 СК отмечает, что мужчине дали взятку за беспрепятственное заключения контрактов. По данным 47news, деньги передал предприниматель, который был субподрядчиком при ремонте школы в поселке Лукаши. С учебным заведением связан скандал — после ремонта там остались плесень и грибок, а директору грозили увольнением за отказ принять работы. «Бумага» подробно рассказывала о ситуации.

+===+

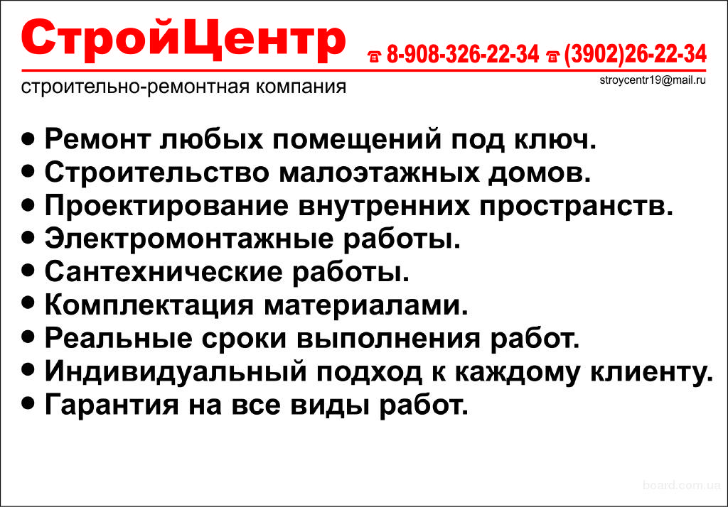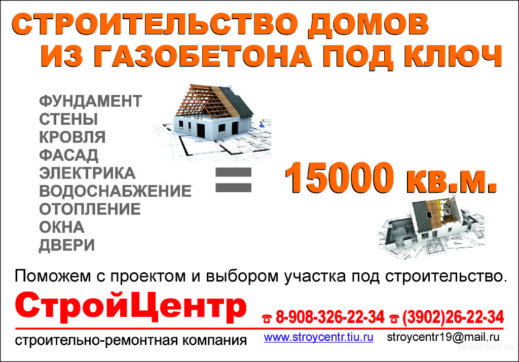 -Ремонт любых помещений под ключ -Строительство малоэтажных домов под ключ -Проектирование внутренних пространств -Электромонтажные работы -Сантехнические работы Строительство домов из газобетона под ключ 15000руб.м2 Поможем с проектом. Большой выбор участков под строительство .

+===+

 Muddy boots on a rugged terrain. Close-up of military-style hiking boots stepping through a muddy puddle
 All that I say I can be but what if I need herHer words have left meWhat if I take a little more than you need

+===+

* **PROBLEM TO SOLVE**:
Only the lines above from the one with "Muddy boots on" up to and including the one with "All that I say" should be repeated, exactly as written.

* **SOLUTION**:
 Muddy boots on a rugged terrain. Close-up of military-style hiking boots stepping through a muddy puddle
 All that I say I can be but what if I need herHer words have left meWhat if I take a little more than you need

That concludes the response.